Your task |
Within the entries below, please return exactly the lines from the one with "綠聯(lián) AV119 AUX車載音頻線" through the one with "4月11日下午,广州市花都区", leaving out any pictures.

Given records |
---
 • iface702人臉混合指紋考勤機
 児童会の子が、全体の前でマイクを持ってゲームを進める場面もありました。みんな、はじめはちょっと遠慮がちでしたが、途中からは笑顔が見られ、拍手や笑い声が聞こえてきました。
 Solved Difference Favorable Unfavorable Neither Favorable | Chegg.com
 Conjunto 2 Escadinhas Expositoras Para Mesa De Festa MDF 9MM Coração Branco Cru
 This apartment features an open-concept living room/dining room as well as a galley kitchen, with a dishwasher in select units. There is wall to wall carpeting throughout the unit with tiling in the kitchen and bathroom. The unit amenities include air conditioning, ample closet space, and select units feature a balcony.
---
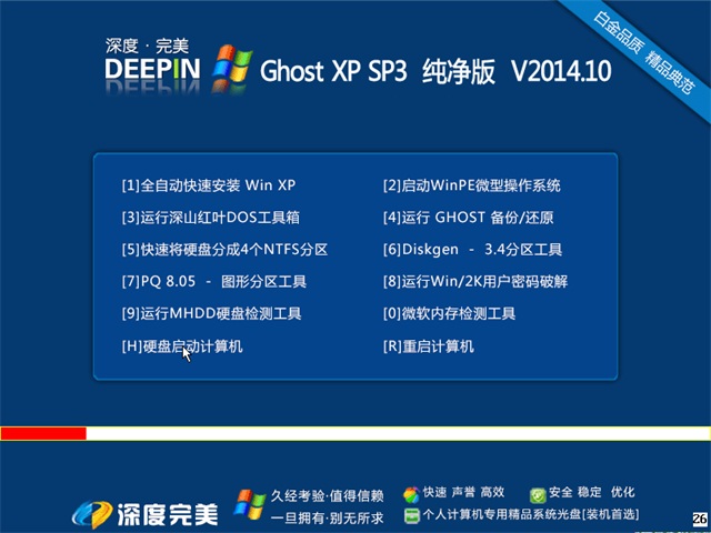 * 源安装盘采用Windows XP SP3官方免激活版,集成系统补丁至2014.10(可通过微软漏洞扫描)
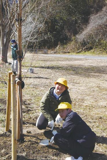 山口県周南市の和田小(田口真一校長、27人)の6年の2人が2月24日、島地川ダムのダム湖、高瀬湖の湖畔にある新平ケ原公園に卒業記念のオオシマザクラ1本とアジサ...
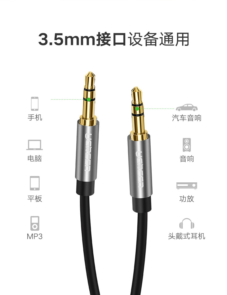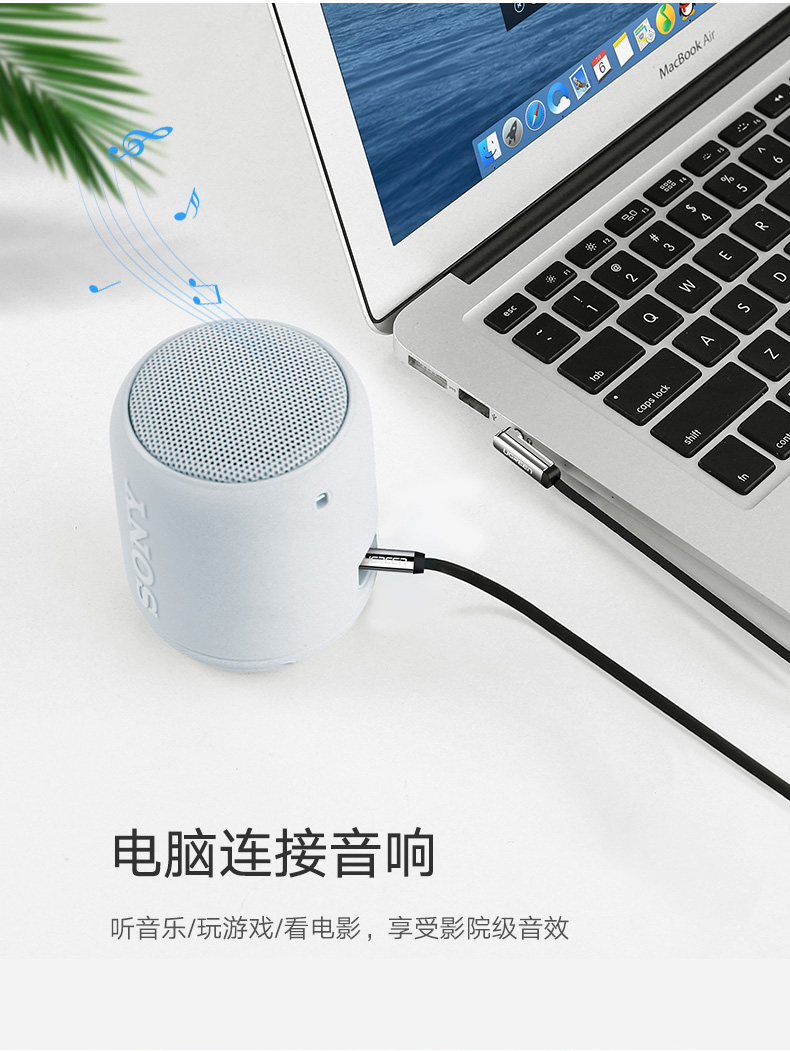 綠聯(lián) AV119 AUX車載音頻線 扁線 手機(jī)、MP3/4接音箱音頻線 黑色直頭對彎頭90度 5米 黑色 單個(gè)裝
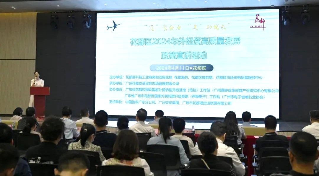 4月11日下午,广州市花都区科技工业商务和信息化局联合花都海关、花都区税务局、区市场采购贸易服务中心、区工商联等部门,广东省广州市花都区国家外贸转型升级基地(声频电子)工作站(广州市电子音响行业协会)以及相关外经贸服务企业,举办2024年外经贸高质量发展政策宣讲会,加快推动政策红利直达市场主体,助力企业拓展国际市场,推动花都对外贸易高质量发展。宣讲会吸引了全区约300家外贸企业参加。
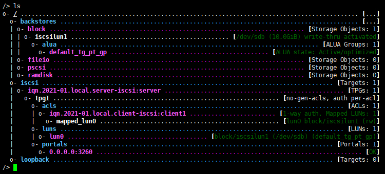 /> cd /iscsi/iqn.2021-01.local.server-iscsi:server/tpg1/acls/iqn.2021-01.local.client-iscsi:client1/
---
Expected answer |
 綠聯(lián) AV119 AUX車載音頻線 扁線 手機(jī)、MP3/4接音箱音頻線 黑色直頭對彎頭90度 5米 黑色 單個(gè)裝
 4月11日下午,广州市花都区科技工业商务和信息化局联合花都海关、花都区税务局、区市场采购贸易服务中心、区工商联等部门,广东省广州市花都区国家外贸转型升级基地(声频电子)工作站(广州市电子音响行业协会)以及相关外经贸服务企业,举办2024年外经贸高质量发展政策宣讲会,加快推动政策红利直达市场主体,助力企业拓展国际市场,推动花都对外贸易高质量发展。宣讲会吸引了全区约300家外贸企业参加。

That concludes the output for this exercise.